ポイントカードはお持ちですか?



動物園のライオンがぐったりしているのはよくあることで、私もそういうライオンしか見たことがない。

だからあの「ガオー」って声を生で聞いたことがない。


同様に小鳥や犬、ネコの鳴き真似をする人はいるけど、ライオンやトラなんかの鳴き真似する人って聞いたことがない。

それって、人間の体では無理ってことなのかな?
あの地を這うような咆哮は、あの体あってのことなのだろうか?


私は今、猛烈にライオンになりたい。

ああ、もし私がライオンやトラだったら、思う存分あの恐ろしいうなり声を上げられたのに。

「ううー」

空っぽになった課長席を見て、肉食獣よりだいぶ迫力に欠けるうめき声をもらす。

わかってますよ、課長だけが悪いんじゃないって。
だけど他に不満のはけ口がないんだもの。



あと定時まで一時間を切った頃、伊月君を従えた課長が「咲里亜さん」と打ち合わせ用のテーブルから手招きしてきた。
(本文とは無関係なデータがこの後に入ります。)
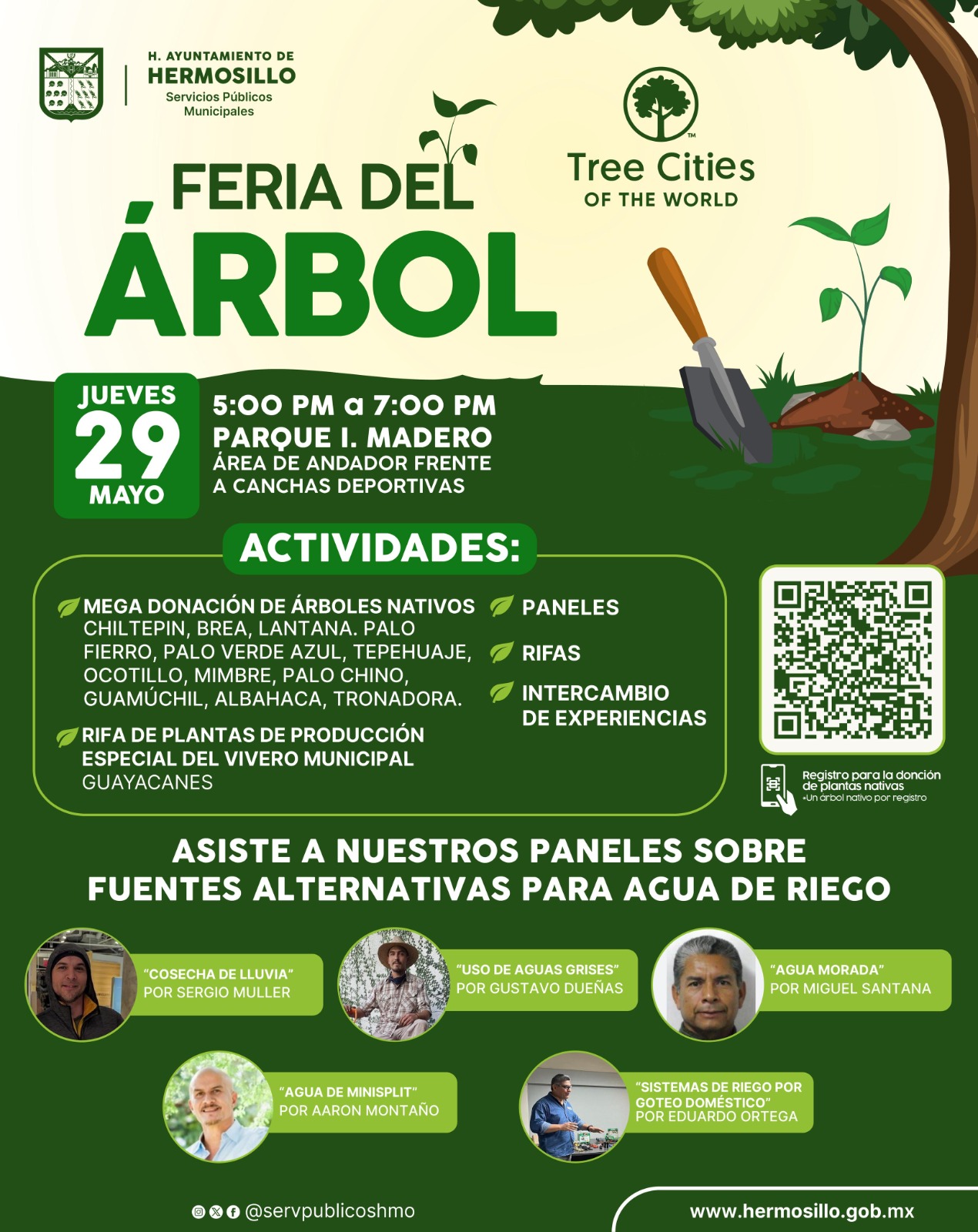 Hermosillo, Sonora; 28 de mayo, 2025.- Una invitación a sumarse a la Feria del Árbol extendió el Ayuntamiento de Hermosillo este jueves 29 de mayo de 5:00 a 7:00 de la tarde en el Parque Madero donde se llevará a cabo una celebración especial con donaciones de especies nativas y charlas enriquecedoras sobre el cuidado del entorno.

「明日、工事の進捗状況を部長に説明しないといけなくなったんだ。説明は私がするから資料だけまとめてもらえますか?」

「明日、ですか?」

簡単に言ってくれるけど、簡単じゃないことは課長自身もよーくわかっているはず。
体裁を整えるだけでもなかなかの時間がかかる。

それを明日まで・・・。


決定事項だしどんなに文句を言ったところでやらなければいけない。

やるよ、やるけど、やるから、不満くらい顔に出ても許して課長。

「そんなきっちり考えなくていいよ。去年の資料チョチョッと直して使えばいいから」

「・・・はい。わかりました」

言われなくてもチョチョッとやります。
そうじゃないと明日までなんて間に合わない。

説明は課長がしてくれるなら私は後ろに控えていればいいだけだし、今日だけ頑張ればいいんだから!


・・・とは言ってもな。

長い時間ディスプレイを見続けたせいで目から肩こりしてしまった。

苦しい。

たかが肩こりと思うかもしれないけど、集中力も切れて仕事の進みも悪くなっている。
一気に仕上げてしまいたいけど、ダメだ!一旦休憩!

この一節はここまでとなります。